But if one wants to design a valuation tool to assign a number to a map to represent its difficulty level overall, and if one chooses the qualitative approach, then one needs to implement a function to combine the valuations obtained per different map sectors into a single number, and in this number’s computation, the relationship between the parcels is relevant. The above was an example where I showed how whether the areas connected or not affected the overall skill level. And this is what the skill level of a map is: a number that reflects the difficulty of the map in its entirety. If one divides it into parcels, one would need to combine the results into a single number, and factoring in the relationship between the parcels, even though optional, would increase the faithfulness of the indicator. If, to take your example, there is on the map an area with goodies but no monsters, that would decrease the overall difficulty, because the player can restock and replenish their health, and even more if the player can use that area for cover. So, it should be taken into consideration in the qualitative approach of the computation of the skill level of the map. However, there is also the more crude quantitative approach, that doesn’t take into consideration the relathionship between parcels of the map. The example I provided only takes into consideration ammo, health, armor, monsters and the average distance between them (a related measure would be, I guess, “monster density”, the (weighted) sum of monsters divided by the navigable area / volume of the map).

So, a global tool wouldn’t conflict with a local tool. It’d be the same tool, applied by mappers locally (as a design aid), and globally (as a skill level indicator, a number that would go with the map).

For the global measure of map difficulty, what about a case, where we have majority of a map doing along the “id” baseline standard, but suddenly, there is a bottleneck of “id++” setup? Should the map be labeled as “id”, “id+” or “id++”? When it comes to my opinion, the map difficulty label, should always take after the section with highest number in this regard - not the average. Consistency, is another thing.

I am rather against “mechanical” estimation of global map difficulty level; even though, it would look neat on the ‘Quaddicted’, to be able to search maps for their “objective” gameplay difficulty. In the end, this is how it should work, but it does introduce a major field for complaints.

I would also suggest to implement a variable determining the resources density, measuring the distance between collectible items. I assume the more spread around the collectibles are, the harder the difficulty level and the more clumped together they are, the easier.
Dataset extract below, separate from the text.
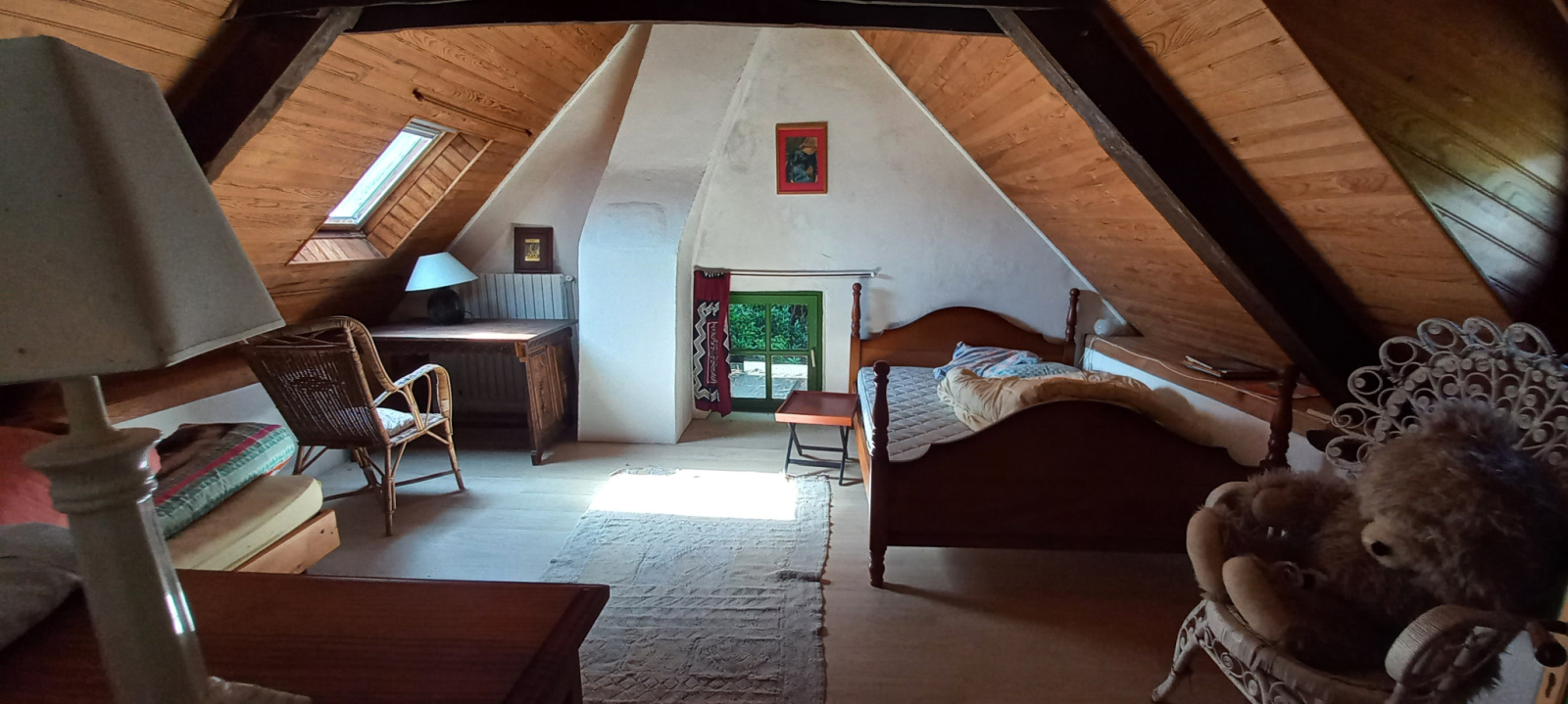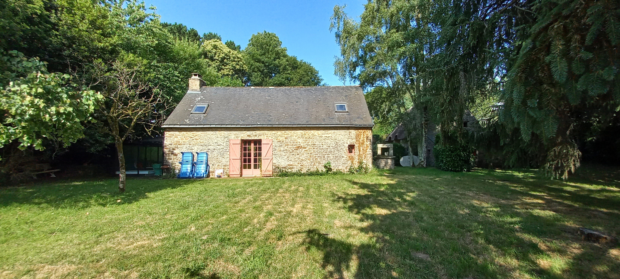 La seconde habitation, couverte d’ardoises, offre 83 m² de surface. Elle dispose d’un salon avec cheminée donnant sur une véranda, d’une cuisine indépendante, d’une salle d’eau, de deux chambres, et d’une mezzanine pouvant servir de bureau ou de couchage d’appoint.
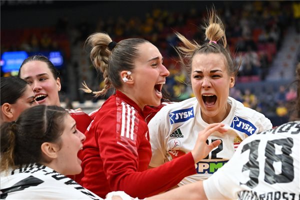 A magyar válogatott tagjai ünnepelnek, miután 23-22-re győztek az olimpiai kvalifikációs női kézilabda-világbajnokság középdöntőjének harmadik fordulójában játszott Magyarország - Horvátország mérkőzésen a svédországi Göteborgban 2023. december 11-én. MTI/Illyés Tibor

Well, the global measure is an average. Let’s take a numerical example, since a formula would output numbers. Labels would come later.
So, let’s say for simplicity’s sake that a map has two areas, A1 with skill 3, and A2 with skill 7 (I’m going with random numbers here). Abstracting any other factors, the skill of the map would be 5. A skill 7 would correspond to both areas having skill 7, or maybe one having skill 5 and the other skill 9, etc… Taking the section with the highest skill as the map’s skill would not reflect its overall skill, just like taking the maximum of a function over an interval does not reflect its mean value over that interval. However, the author could add in the accompanying .txt file that the map contains sections of this or that skill level. There can also be a feature to the tool to compute the maximum skill level of the map (the skill level of the hardest part of the map). So, the map could come accompanied by two numbers, the mean, and the max — which shows how much the difficulty spikes on the map. That would give a more nuanced description of the map difficulty-wise.

Well, it’s not “mechanical”, it’s just mathematical. For a more nuanced description, more numbers have to be used (e.g. the mean together with the max). One could even have a tool that graphs the difficulty level on each progression route. There’s really no limit to the detail of mathematical description other than one’s mathematical knowledge and one’s ability to model.

Yeah, well a lot can be done here. But my impression is that generally the more spread the items are, the easier the difficulty is (and vice versa), because one has access more readily to spread items, and one can only collect so many items at a time.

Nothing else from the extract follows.